Design does this through prototyping and testing 10s of very different concepts in the same amount of time — divergence.

(12/n)
December 8, 2024 at 3:16 AM
And most smartphone makers were building for exactly that. No data or market research would’ve shown what would spark customer love.

You only find that by making something, putting it into the hands of users, and then listening to them.

(11/n)
December 8, 2024 at 3:16 AM
These are the kind of needs that we aren’t even aware of. We gain awareness of them when we experience a great product for the first time. We didn’t know how badly we wanted an iPhone before we first saw it. Everyone knew they wanted email, a web browser and music on a phone.

(10/n)
December 8, 2024 at 3:16 AM
If you really want to win, it isn’t optional. At least in my experience, this is where design really plays an irreplaceable role.

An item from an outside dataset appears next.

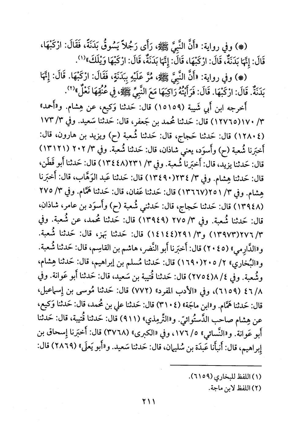 حدثنا هُدبة، قال: حدثنا همام. وفي (٣١٠٦) قال: حدثنا زهير، قال: حدثنا عفان، قال: حدثنا همام. وفي (٣١٦٧) قال: حدثنا أَبو موسى، قال: حدثنا ابن أَبي عَدي، عن سعيد. وفي (٣١٩٤) قال: حدثنا عُبيد الله، قال: حدثنا خالد، قال: حدثنا سعيد. وفي (٣٢١٧) قال: حدثنا أحمد، قال: حدثنا أَبو داود، قال: حدثنا شعبة. وفي (٣٢١٨) قال: حدثنا أحمد، قال: حدثنا شَبَابة، قال: حدثنا شعبة. و «ابن خزيمة» (٢٦٦٢) قال: حدثنا بُندَار، قال: حدثنا أَبو داود، قال: حدثنا شعبة (ح) وحدثنا علي بن خَشرَم، قال: حدثنا عيسى، عن شعبة (ح) وحدثنا يحيى بن حكيم، قال: حدثنا ابن أَبي عَدي، عن شعبة وسعيد (ح) وحدثنا بُندَار، قال: حدثنا ابن أَبي عَدي، عن سعيد.
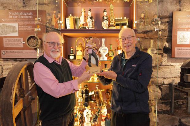 Das Schwäbische Schnapsmuseum hat von Manfred Thiel aus Mundelsheim seine einmalige Sammlung von 185 Spieluhren-Schnapsflaschen erhalten. Er hat diese Sammlung in 40 Jahren aufgebaut, die von der ganzen Welt stammen. Diese Sammlung ist ein Symbol für die Verbindung von Musik und Schnaps. Im Sockel der Flaschen sind Spieluhren eingebaut, welche mit der Musik beginnen, wenn die Flasche gehoben wird. Wir haben eine Vitrine herstellen lassen, in welcher nun im Keller unseres Museums die interessantesten Spieluhren-Schnapsflaschen präsentiert werden. Herr Thiel hat sich nun im Schnapsmuseum von der neuen Heimat seiner Sammlung überzeugt und war von der Präsentation begeistert.

Building and testing is the only way to really uncover unmet needs.

(9/n)
December 8, 2024 at 3:16 AM
Risk and reward go together. That hasn’t changed.

What’s missing is divergence. Data, analysis and intuition won’t show you what you’re missing — what other solutions could’ve been — missed opportunities.

The funny thing is when you read that, it probably sounds very “optional.”

(8/n)
December 8, 2024 at 3:16 AM
But, if deciding always comes before building, then you better be really sure of what you’re invested your resources into building. You better make something safe. Take fewer risks. Don’t reinvent the wheel. Follow the patterns.